Publication information
- Publisher: DC Comics
- First appearance: Teen Titans #7 (January–February 1967)
- Created by: Bob Haney Nick Cardy

In-story information
- Full name: Neil Richards
- Species: Human
- Place of origin: Earth
- Abilities: Skilled engineer

= Mad Mod =

Fictional character in DC Comics

Mad Mod (Neil Richards) is a fictional character appearing in American comic books published by DC Comics. The character is known as one of the first recurring villains of the Teen Titans.

==Publication history==
Mad Mod first appeared in Teen Titans #7 and was created by Bob Haney and Nick Cardy.

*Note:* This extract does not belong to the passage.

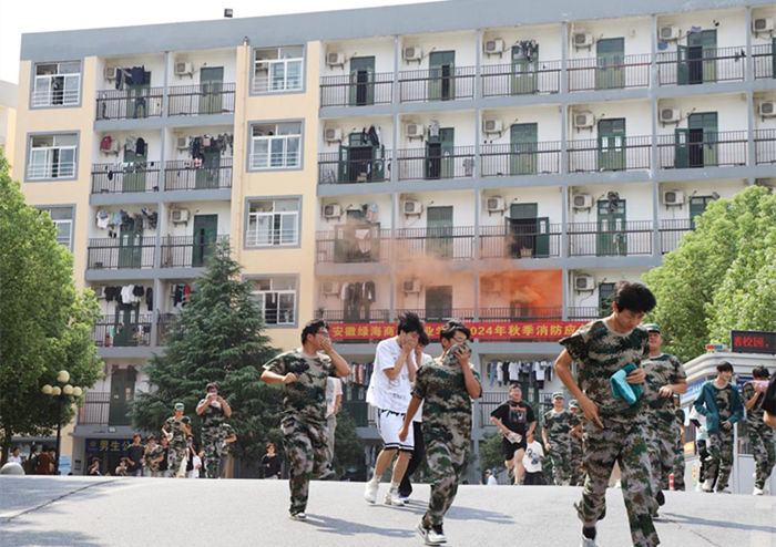 13:00,演练总指挥发出“演练开始”的指令,宿舍楼出现橙色模拟火情浓烟,警报声响起。保卫处立即组织人员赶赴楼层进行模拟灭火演练,医务救护组人员在一旁待命,随时准备急救。各楼学生在辅导员、宿舍管理人员、军训教官的引导下,沿安全通道快速有序撤离,到达指定疏散集结点。演练现场组织有序,所有人员均安全撤离。

==Fictional character biography==
One of the first villains to menace the Teen Titans, Mad Mod (real name Neil Richards) is a Carnaby Street fashion designer with no innate superpowers. His codename is derived from the popular Mod style in England at the time. Mad Mod initially uses his fashion label as a front to smuggle goods inside his clothing. After being foiled, he hatches a plot to steal the Queen of Britain's scepter, but is thwarted by the Titans.

The character disappeared following the cancellation of the original Teen Titans and was absent from the 1980–1994 series written by Marv Wolfman. Mad Mod resurfaces in the Dan Jurgens-written Teen Titans series of the mid-1990s as a reformed villain who now works as a costume designer for the Teen Titans.

In The New 52 continuity reboot, Mad Mod is a member of a group known as Diablo that seeks to prevent the original Teen Titans from regaining their memories of their original incarnation of the group. Mad Mod is portrayed as a hipster figure with a handlebar moustache and is much younger than his pre-New 52 incarnation. Mad Mod interrogates Bumblebee after her husband Mal Duncan is kidnapped by Mister Twister. When Mad Mod realizes that the Titans have regained their memories, he orders the team killed to stop Mister Twister from using them in an occult ritual.

==Powers and abilities==
During Mad Mod's heyday as a villain, he would match his outrageous clothing with a way out approach in his intricate but deadly traps. He would employ a gang of thugs to do most of the handiwork that needed muscle.

==Other versions==
An alternate universe version of Mad Mod appears in Titans Tomorrow.

==In other media==
===Television===

An illusion of Mad Mod's younger self as depicted in Teen Titans.

- Mad Mod appears in Teen Titans (2003), voiced by Malcolm McDowell. This version is an old man, Anglophile, and ally of the Brotherhood of Evil who views the Teen Titans as rebellious "snots", and utilizes robots, hypnotic holographic projectors, death traps, and illusions controlled by his cane, which also allowed him to drain youth on one occasion.
- Mad Mod appears in the "New Teen Titans" segment of DC Nation Shorts. This version possesses a machine resembling the TARDIS capable of manipulating time and his age.
- Mad Mod appears in the Teen Titans Go! (2013) episode "Salty Codgers". This version possesses the ability to drain youth through his cane.

===Film===
Mad Mod makes a non-speaking cameo appearance in Teen Titans Go! To the Movies.

===Video games===
- Mad Mod appears as an unlockable character in Teen Titans (2006) via the "Master of Games" mode, voiced by Greg Ellis.
- Mad Mod appears as a character summon in Scribblenauts Unmasked: A DC Comics Adventure.

===Miscellaneous===
Mad Mod appears in Batman: The Brave and the Bold.